また、さらに他例としては、押圧部10a1を含むようにして、軸筒10の略全長にわたる筒状の弾性被覆部を設けた態様や、軸筒10とは別体に製造された弾性被覆部を後工程で軸筒10に装着した態様、弾性被覆部を省いた態様等とすることも可能である。
【0057】
また、上記シャープペンシル1によれば、押圧部10a1を軸筒10の周壁に片持ち梁状に構成したが、他例としては、軸筒の周壁の一部を弾性材料(例えば、エラストマー樹脂や、ゴム材料等)からなる押圧部とし、この押圧部が軸筒10内へ変形して回転子20に摺接し該回転子20を前進させる構造とすることも可能である。
【0058】
また、上記シャープペンシル1によれば、軸筒10とは別体の前側固定カム部材11及び後側固定カム部材12を設け、これら前側固定カム部材11及び後側固定カム部材12に、それぞれ第1の固定カム部11b及び第2の固定カム部12aを設けるようにしたが、他例としては、軸筒10に対し、直接的に第1の固定カム部及び第2の固定カム部の一方又は双方を加工した構造とすることも可能である。
【0059】
また、上記シャープペンシル1によれば、軸筒求心方向へ移動する押圧部10a1により回転子20を前進させる構成としたが、他例としては、軸筒求心方向へ移動する押圧部10a1を回転子(図示せず)に摺接して該回転子を後退させ、その後退した際の回転子の回転カム部を、軸筒側の固定カム部に係合して該回転子を回転させる構造とすることも可能である。

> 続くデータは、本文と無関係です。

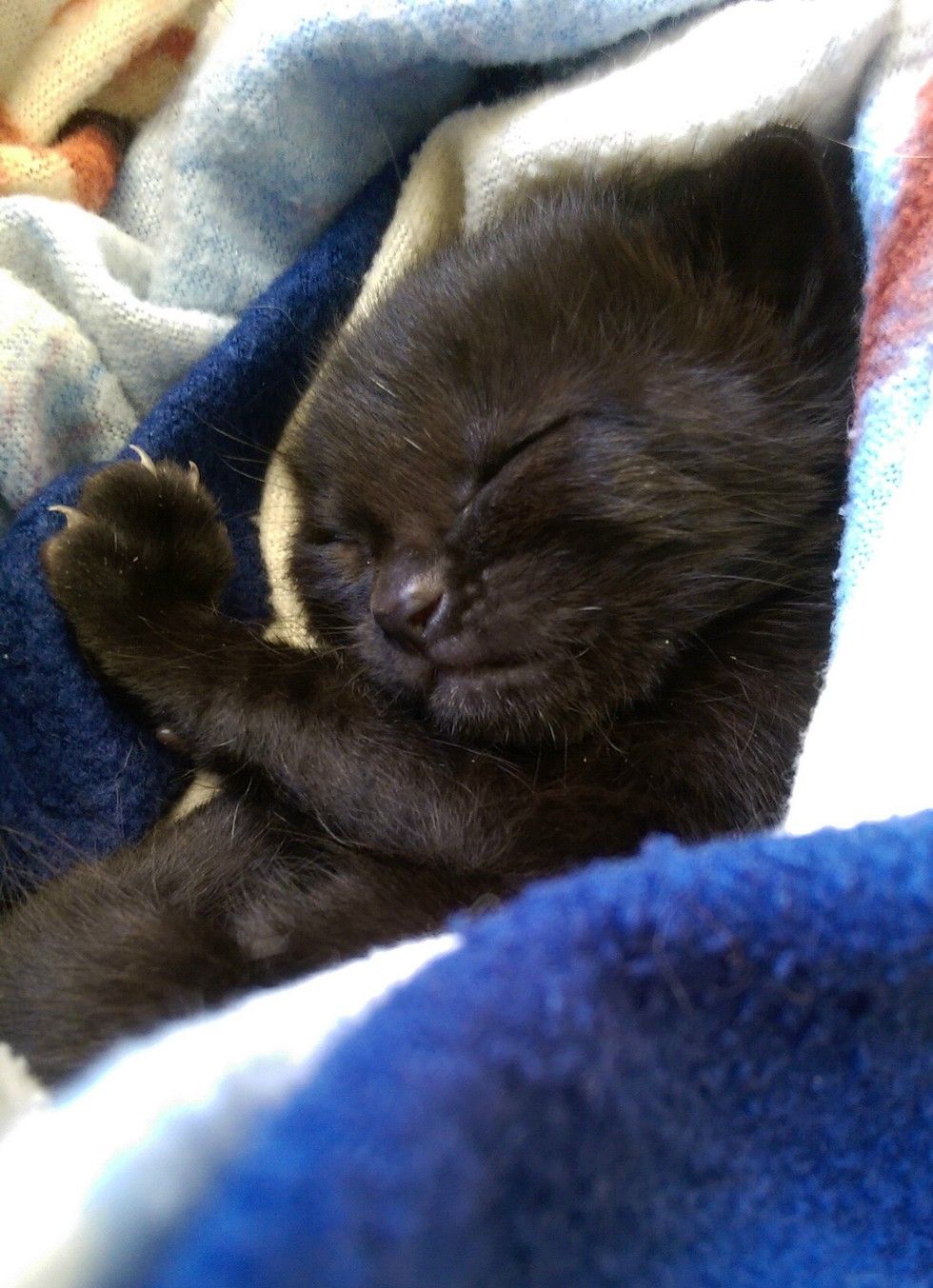 "She's been cleaned, fed and is now sleeping next to me with her tiny head resting on my thigh...
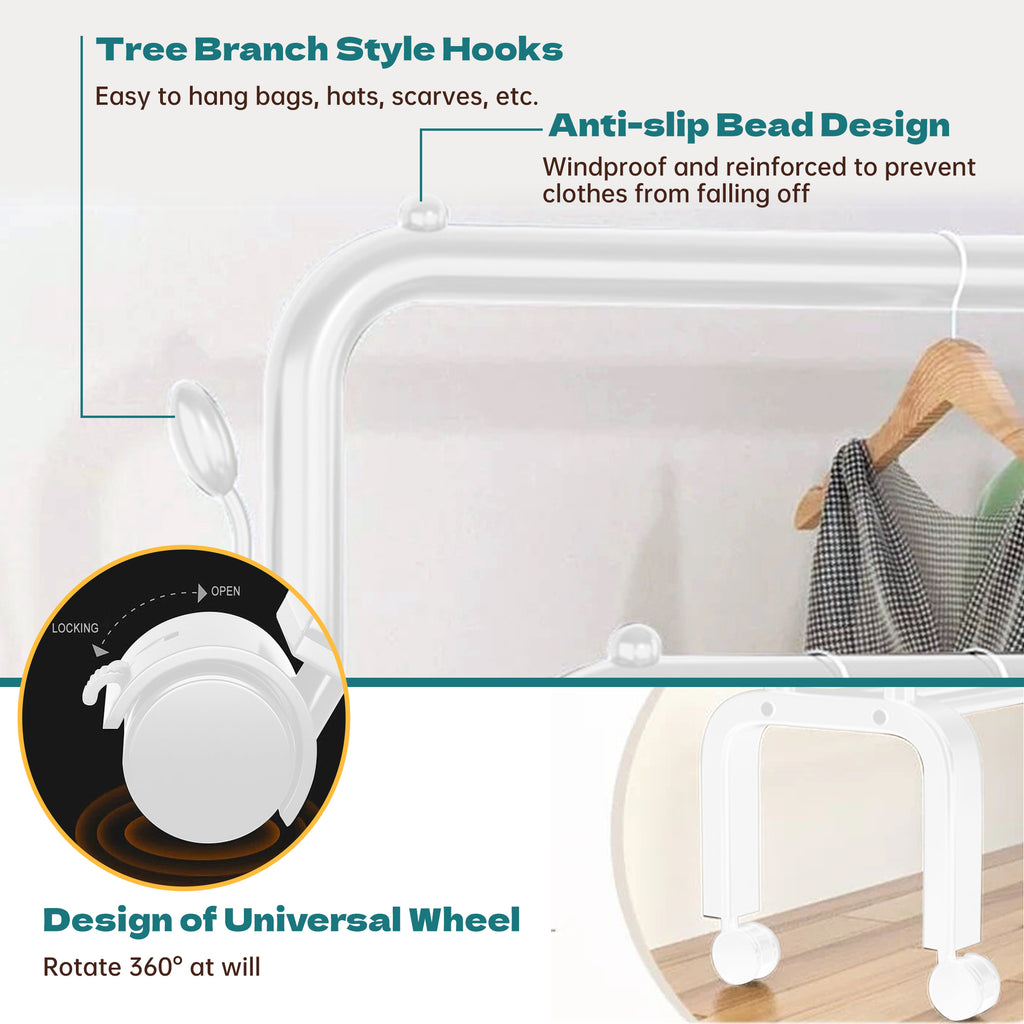 - 【Aesthetics & Safety】The garment rack is fitted with four anti-slip beads at the top, which not only effectively prevents clothes from slipping off, but also adds to the aesthetics of the clothing rack, making it an elegant addition to the interior. The surface of the rack is coated with an eco-friendly paint layer, which not only prevents the rack from rusting, but also this coating is environmentally friendly and ensures home safety.
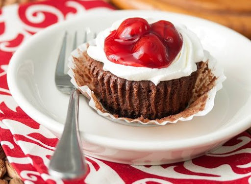 Place whipped cream in a pastry bag and pipe or spread the heavy cream into an even layer over cupcakes then pipe a rim around edge over that layer (or if spreading whipped topping, just create a small well into the center). Spoon about 2 Tbsp of cherry pie filling into the center of each. Store in refrigerator in an airtight container for up to 2 days.
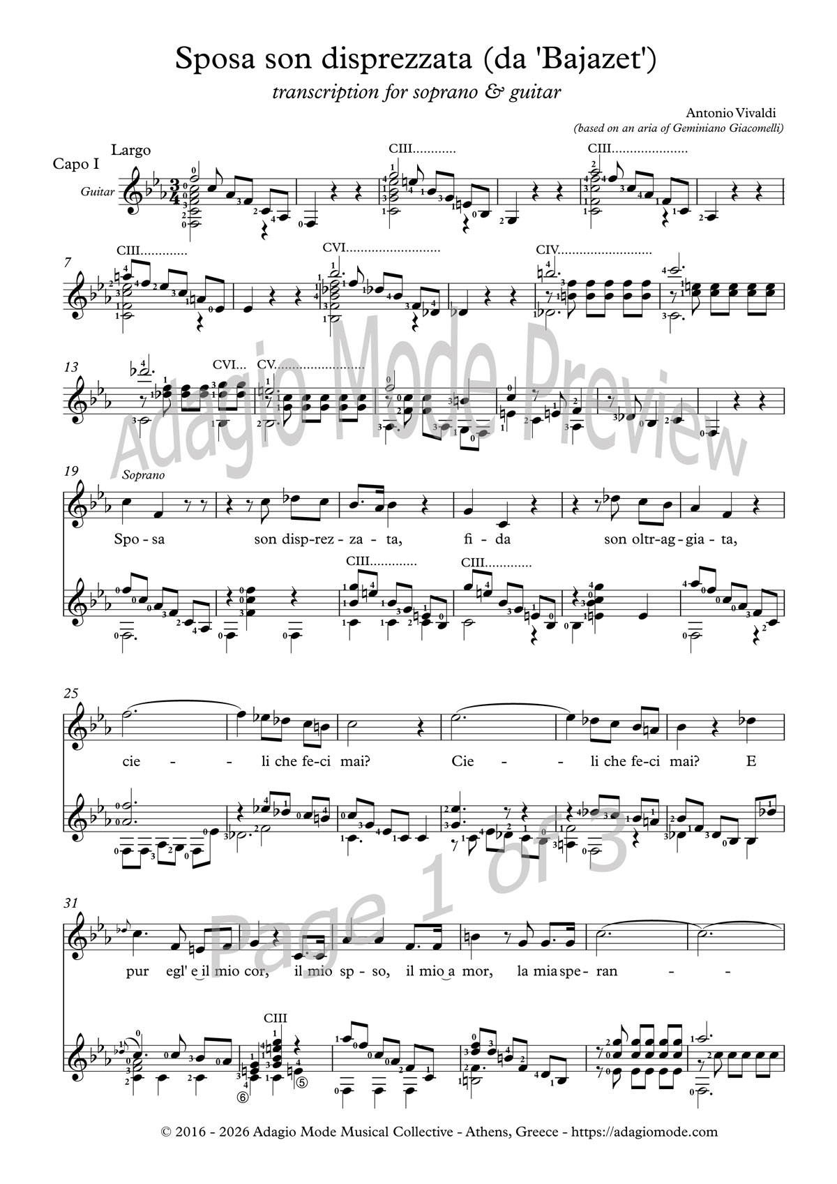 Transcription for soprano & guitar, with fingering in F minor and Capo I.
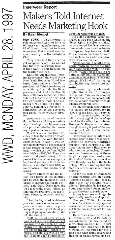 Entitled “An Intimate Internet Experience,” the event at the New York Helmsley Hotel featured four speakers: Jan Cain, president of Cain Associates, an advertising firm; Martin Belk, president and chief executive officer of Sensory Networks, a live Internet broadcasting firm, and two executives from The Doneger Group buying office — John G. Sohikian, director of information technology services, and David Wolfe, creative director.
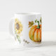 Pumpkin och solblommor med två drakflugor. Jumbo mugg, underbar för soppa också.
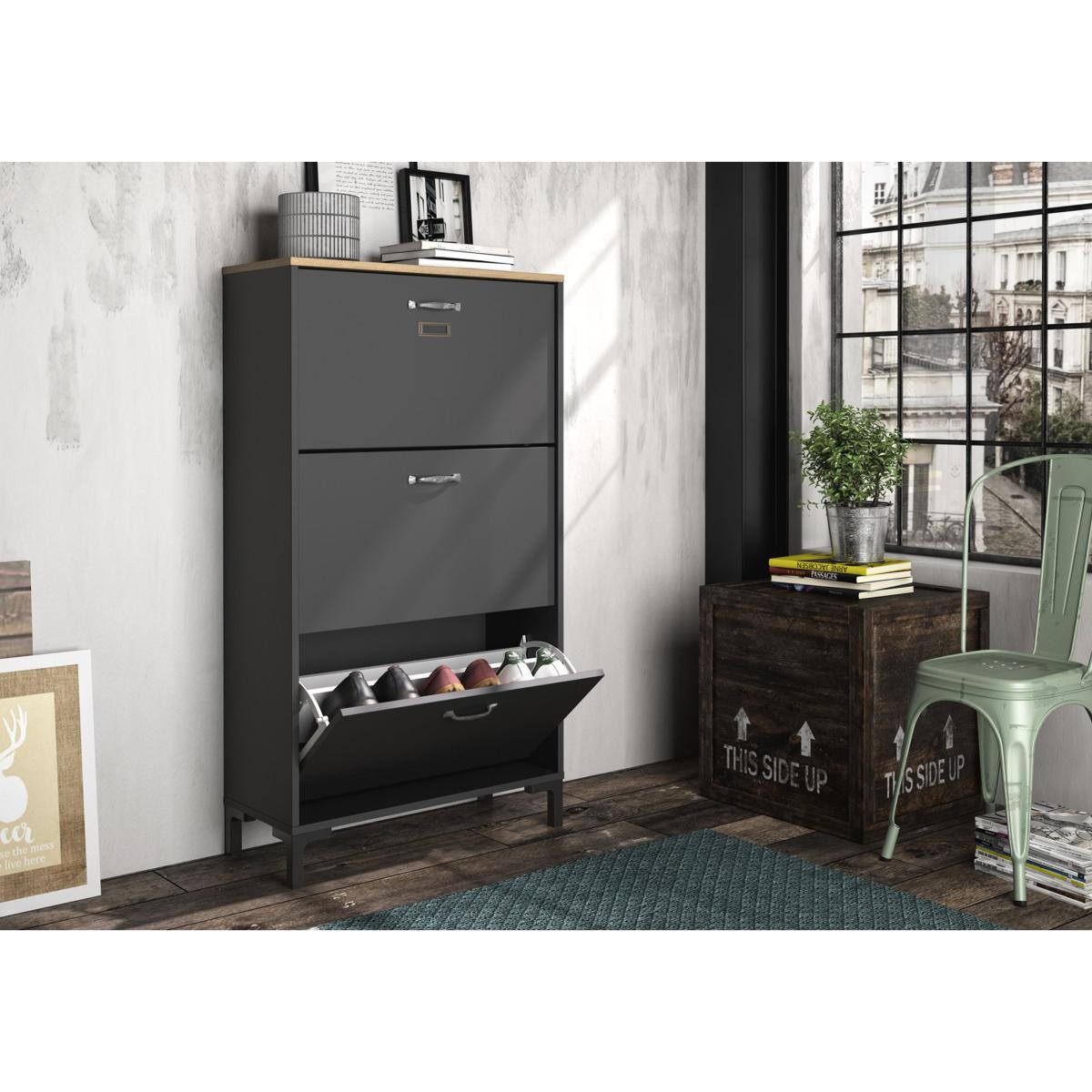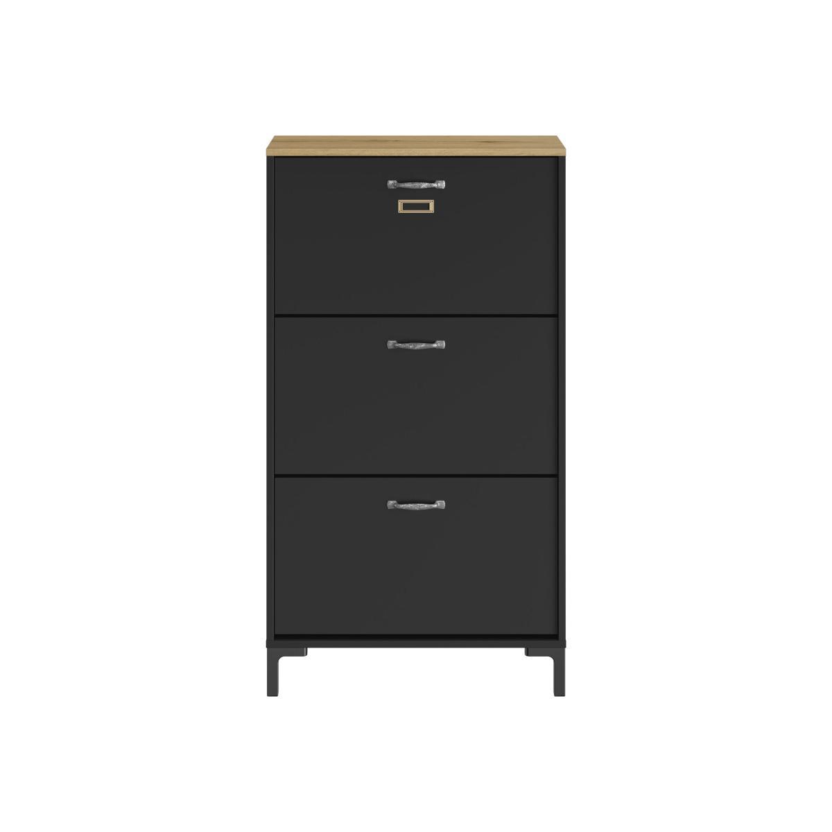 With a black finish body and oak finish top, the Blake shoe storage unit is as stylish as it is practical. It stores up to 12 pairs of shoes with ease. *This is a self-assembly item*. What you’ll love. Stylish finish in black and oak effect. Vintage metal handles and label holder add an Industrial feel. Compact and space-saving. Three drop-down shoe racks each offer two levels of storage. Holds up to 12 pairs of shoes. Great value for money. What you need to know. Hinged drop-down fronts. Three internal two level shoe racks. Heavy duty construction. Strong and very durable foil finish. This product will be delivered flat-packed, with assembly instructions.
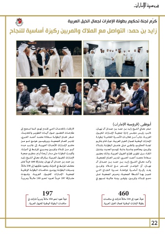 مشــاركة 197خيــ ًا تعــود لنحــو 150مالــكاً ومربيــاً. يعــد ركيــزة أساســية لمواصلــة مســرة النجــاح التــي
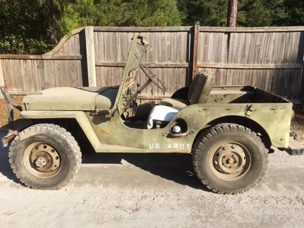 “Willy’s Jeep 1950 M-38 Military Jeep. Working 24 volt system with dual batteries. Under water version with special sealed ignition system. Fresh rebuild on carburetor. Runs and drives with good tires. ”
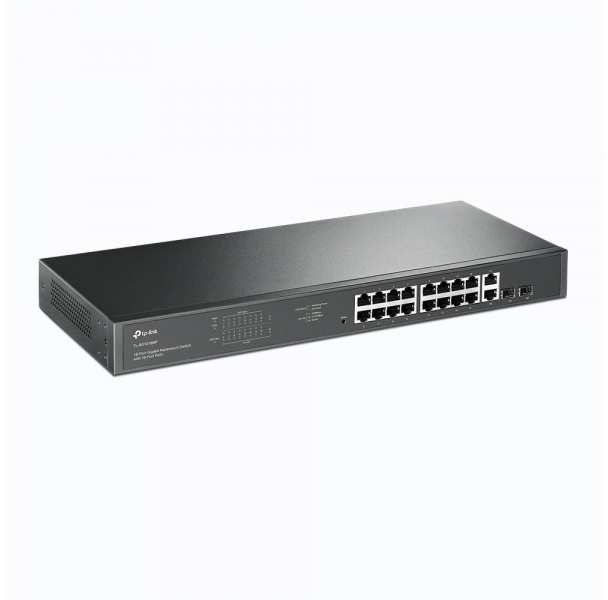 TP-Link 18-Port Gigabit Rackmount Switch with 16 PoE+. Switch type Unmanaged. Basic switching RJ-45 Ethernet ports type Gigabit Ethernet (10/100/1000), Basic switching RJ-45 Ethernet ports quantity 18. MAC address table 8000 entries, Switching capacity 36 Gbit/s. Networking standards IEEE 802.1Q, IEEE 802.1p, IEEE 802.3, IEEE 802.3ab, IEEE 802.3u, IEEE 802.3x. Power over Ethernet (PoE). Rack mounting, Form factor 1U
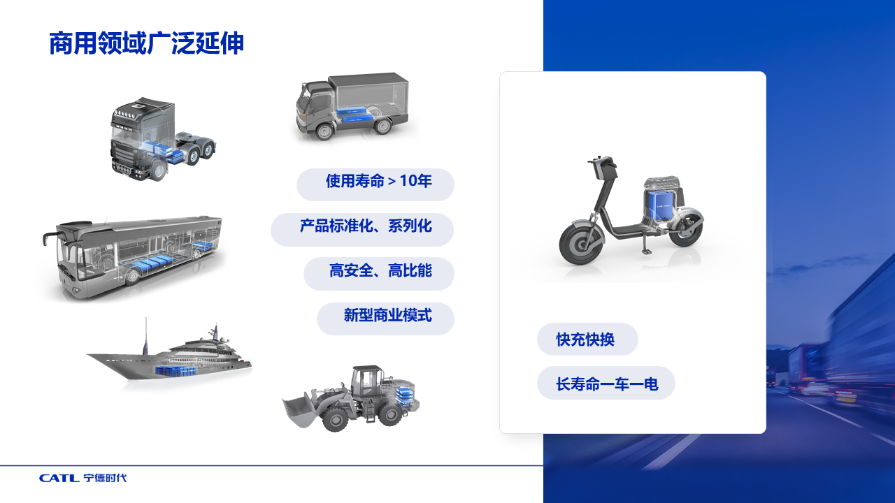 商用领域多数是生产工具,车型复杂多变。针对这一需求,DB视讯开发了长寿命电池,保证高强度运营的质保需要。标准化、系列化设计的电池包有效提高通用性。和产业链合作伙伴共同推出了车电分离、电池或整车租赁等新型商业模式。DB视讯还发现家用和外卖送货骑手的两轮车需求不同,因此设计的电池可快充,也可快换,并且电池寿命足够长,一块电池可以服务车辆全生命周期,节省了更换电池的成本。
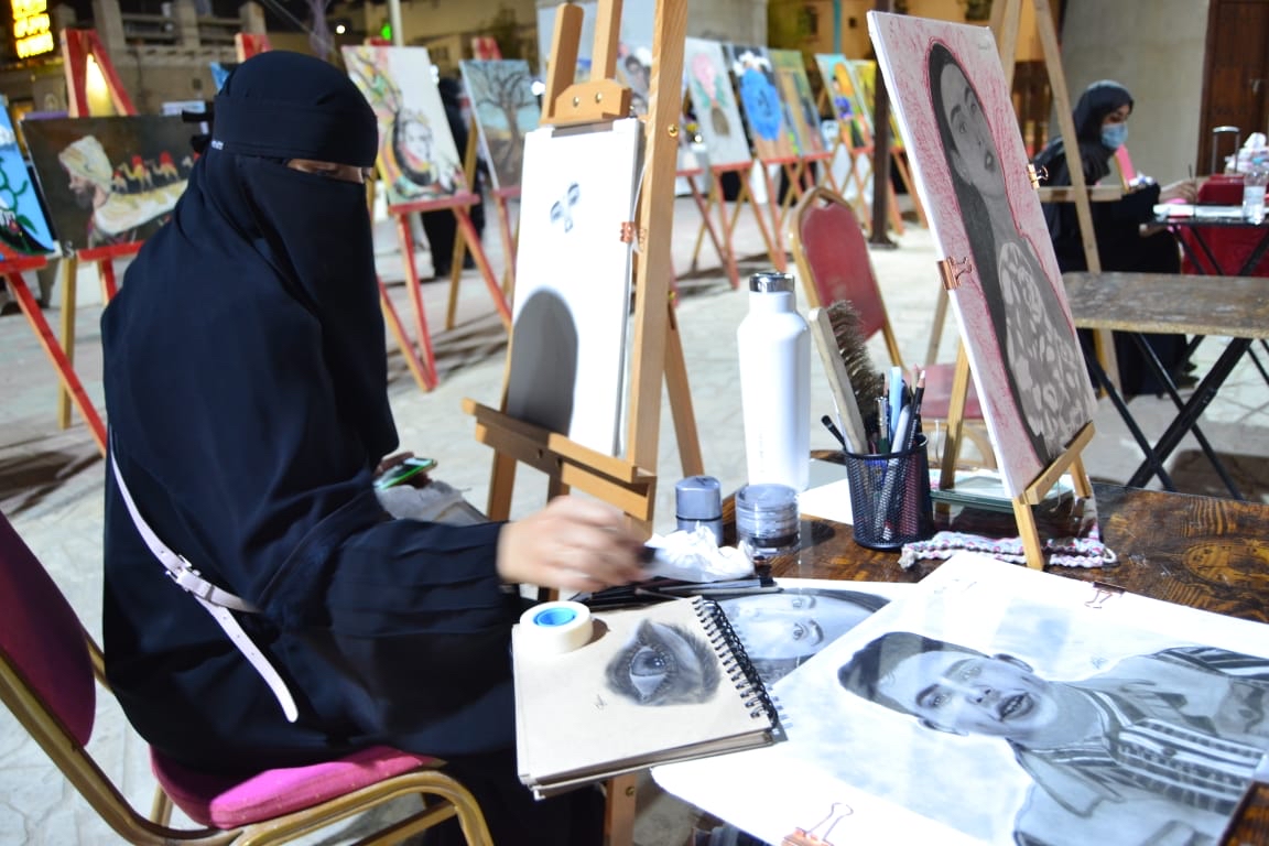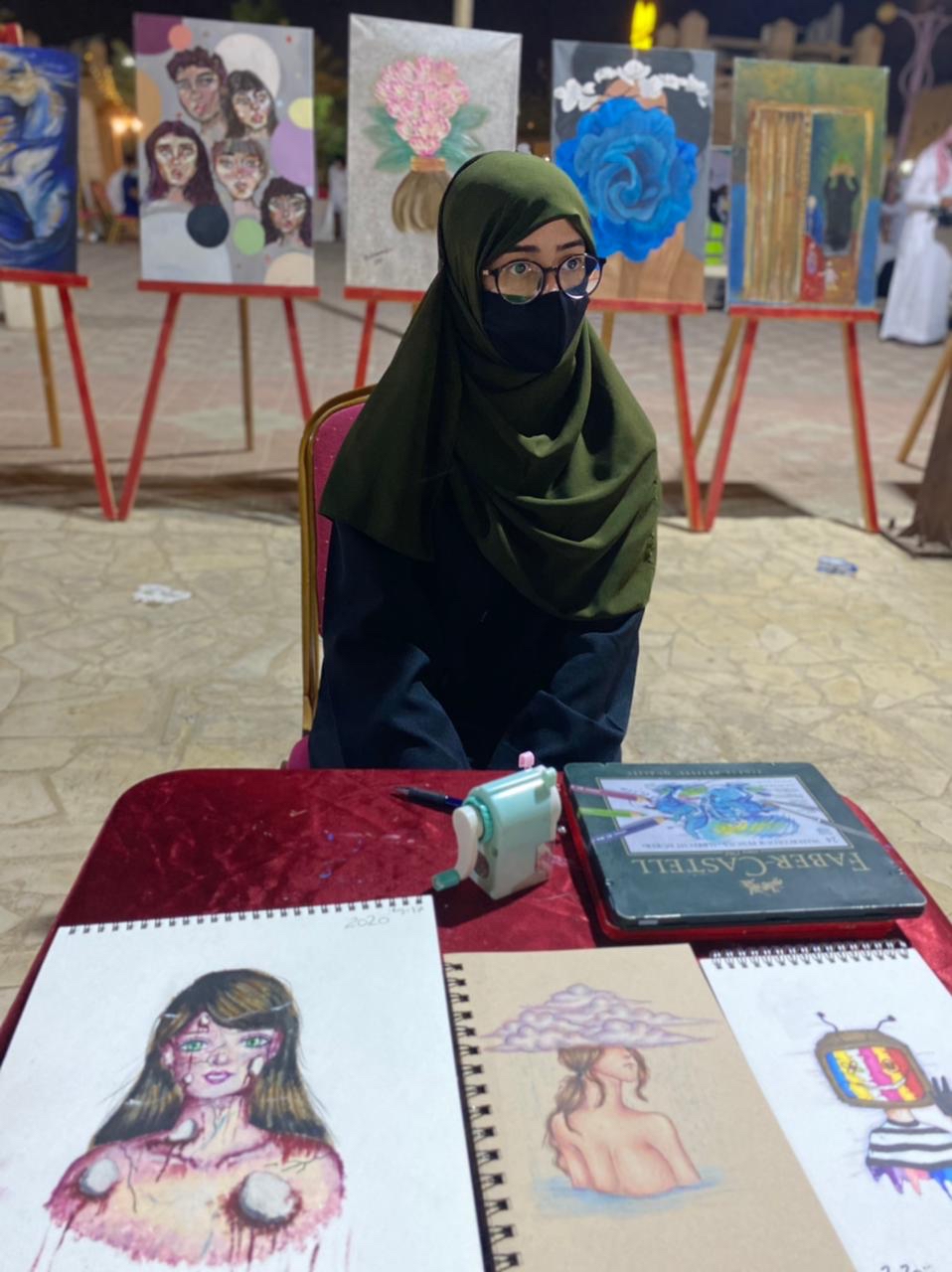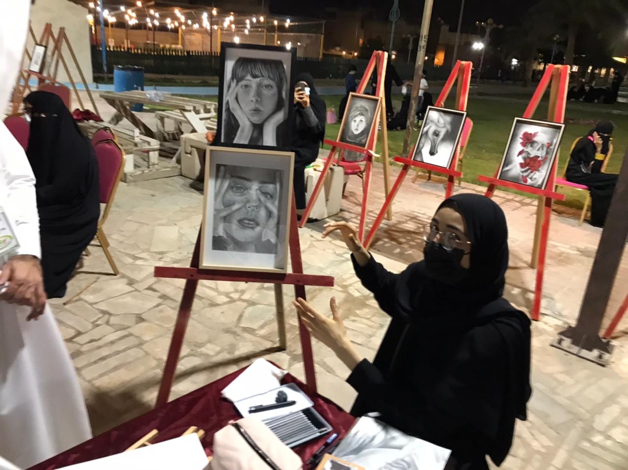 وبدورها، قالت الفنانة التشكيلية ”سارة الهداف“: إن التميز دائما لهمسات والنشاط جميل وتواجد الفنانات دافع لنا بالعطاء، وأنني مشاركة بالرسم المباشر وعرض اللوحات الفنية، والفنانة زينب البخيتان تخصص الفنون خريحة جامعه فيصل.

より具体的に説明すれば、この構成の場合、押圧部10a1の突部10a12を、回転子20の前側環状突起20aよりも前側に配置し、軸筒求心方向へ移動する際の突部10a12を前側環状突起20aに摺接させて、回転子20を後退させる構造とすればよい。また、この構成の場合、第1の付勢部材30は、軸筒10に相対し回転子20を前方へ付勢するように設ければよい。
【0060】
また、上記シャープペンシル1によれば、回転子20が前進した時に回転し、さらに後退した時にも回転するようにしたが、他例としては、回転子20が前進した時のみ回転する態様や、回転子20が後退した時のみ回転する態様等とすることも可能である。すなわち、この場合には、第1の回転カム部20a1及び第1の固定カム部11bと、第2の回転カム部20b1及び第2の固定カム部12aとのうち、その一方を省いた構成とすればよい。
【0061】
また、上記シャープペンシル1では、第1の付勢部材30を第2の付勢部材42よりも弱くすることで、筆記芯xを繰出す後端ノック操作に伴い筆記芯xが回転する構成としたが、他例としては、第1の付勢部材30を第2の付勢部材42よりも強くすることで、筆記芯xを繰出す後端ノック操作の際には筆記芯xが回転しない構成とすることも可能である。
【0062】
また、上記シャープペンシル1では、押圧部10a1に対する押圧操作と、ノック体49に対する筆記芯x繰出しのための押圧操作との双方の操作によって、筆記芯xが回転するようにしたが、他例としては、押圧部10a1を省き、ノック体49に対する筆記芯x繰出しのための押圧操作のみによって筆記芯xを回転させる構成とすることも可能である。
【0063】
また、上記シャープペンシル1では、軸筒後端部に対するノック操作により筆記芯xを繰出す筆記芯繰出し機構40を具備したが、他例としては、前記筆記芯繰出し機構40に置換して、軸筒後端部に対する回転操作により筆記芯xを繰出す筆記芯繰出し機構(図示せず)、軸筒を軸方向へ振る操作により筆記芯xを繰出す筆記芯繰出し機構(図示せず)、又は軸筒を径方向へ振る操作により筆記芯xを繰出す筆記芯繰出し機構(図示せず)を具備した構成とすることも可能である。